The mean maternal age at gestation was 31.2 years (range: 17–39 years) (Table 2). We could not collect information about weight at delivery for three women, but the mean BMI of the remaining 17 women was 22.9 kg/m² (range: 18.6–27.8 kg/m²). The mean dose of LTG was 161.1 mg/day (range: 50–400 mg/day). None of the women changed the LTG dose from the time of plan sheets based evaluation to 1-month checkup. The mean number of psychotropic drugs administered was 1.45 (range: 1–6 drugs) at the time of describing the plan sheets for lactation by pregnant women. Fifteen women did not take any psychotropic drugs other than LTG. The diagnoses were as follows: epilepsy (n = 14) and bipolar disorder (n = 6). One pair discontinued breastfeeding at 14 days after delivery because of pain in mother's nipples. The gestational age at delivery was 38.8 weeks (range: 37–41 weeks), and no infants were born pre-term and post-term.

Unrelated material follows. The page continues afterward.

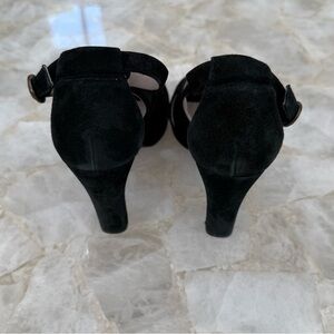These awesome black velvet sandals have such a nice, chunky heel that makes for easy striding, standing and dancing! Perfect for a night out, work, wedding, and formal events.
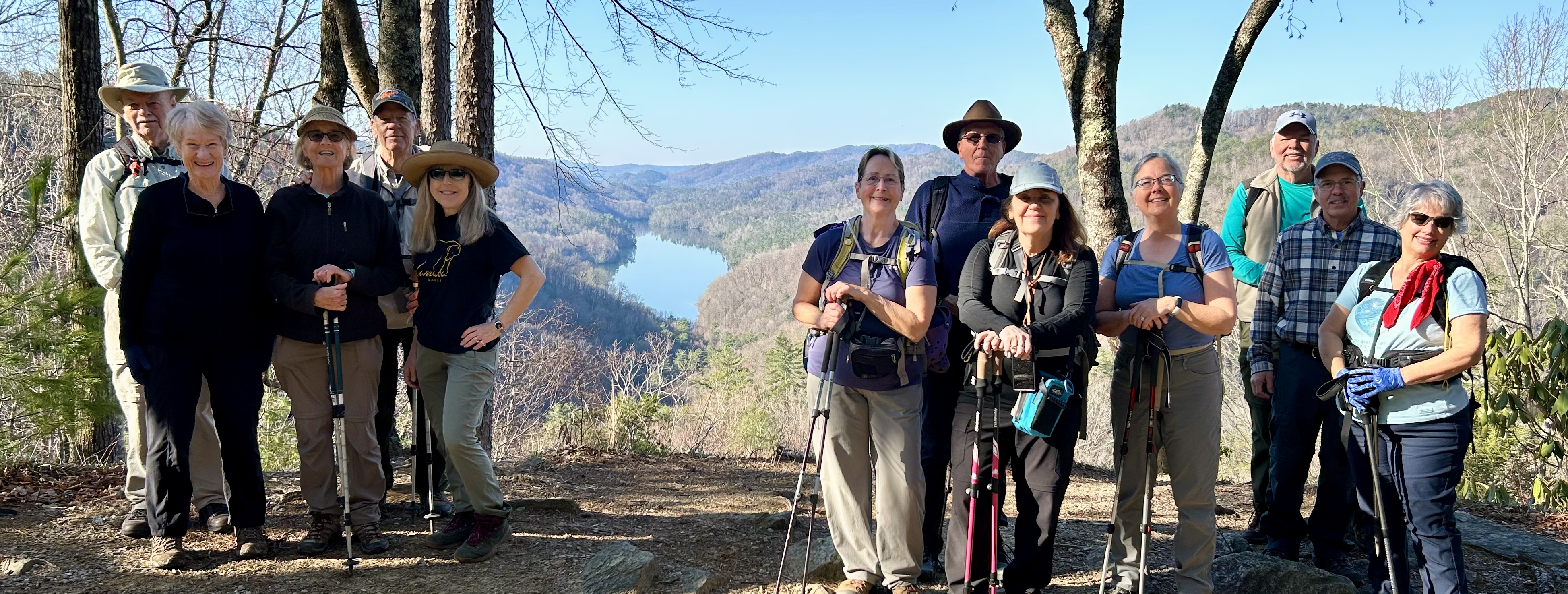 The Wanderers is an easy hiking group that targets 3 to 5 miles with less than 500 feet of climb. This group hikes at a rate of 1 to 2 miles per hour. Hikes range from the R1 to R5 difficulty level based upon the Pisgah Hikers rating scale. The group takes breaks on uphill sections of trails to rest, smell the flowers, enjoy the views and take pictures.

The number of male and female infants was 14 and 6, respectively. More infants were exclusively breastfed compared with the number of infants who were given mixed feeding in the LTG group. The average infant's birth weight was 3,062 g (range: 1,916–4,110 g) and included one infant with low birth weight. The average BW at 1-month checkup was 4,165 g (range: 3,162–5,172 g). We were unable to obtain the data for one infant. The average weight gain from birth to 1-month checkup was 1,100 g (range: 512–1,746 g). The exclusive breastfeeding rate was 55%. The mean value of BMI of mothers (p = 0.028) and nutrition methods of infants (p = 0.0082) were significantly different between the groups.

Table 2.

Comparison of Lamotrigine Group and Control Group

	LTG group (n = 20)	Control group (n = 20)	p
Age (years)^*	31.2 ± 4.2	31.3 ± 5.6	0.951
BMI (kg/m²)^*	22.9 ± 2.2	25.8 ± 4.5	0.028
Gestational weeks at delivery (weeks)^*	38.8 ± 1.2	38.8 ± 1.1	0.892
No. of psychotropic drugs that mothers were taking (n)^**	1.45 ± 1.28	0.95 ± 1.02	0.068
Sex (male/female) (n)^†	14/6	14/6	1.000
BW at deliver (g)
At birth^*	3,062 ± 438	3,009 ± 271	0.661
At 1-month checkup^*	4,165 ± 551	4,029 ± 427	0.407
Weight gain from birth to 1-month checkup^*	1,100 ± 327	1,020 ± 323	0.461
Nutrition methods (Ex/Mix)^†	11/9	3/17	0.0082
NWS score (n)^‡
0	10	12	0.343
1	3	1
2	0	2
Presence of adverse events
Drowsiness (n)^†	3	2	0.633
Skin rash (n)^†	11	16	0.091
Jaundice (n)^†	8	10	0.525
Murmur (n)^‡	1	0	1.000
Poor sucking (n)^‡	1	0	1.000

Statistical methods: ^*Unpaired t-test, ^**Mann–Whitney U-test, ^†Chi-square test, ^‡Fisher's exact test.

BMI, body mass index; BW, body weight; Ex, exclusive breastfeeding; LTG, lamotrigine; Mix, mixed feeding; NWS, neonatal withdrawal syndrome.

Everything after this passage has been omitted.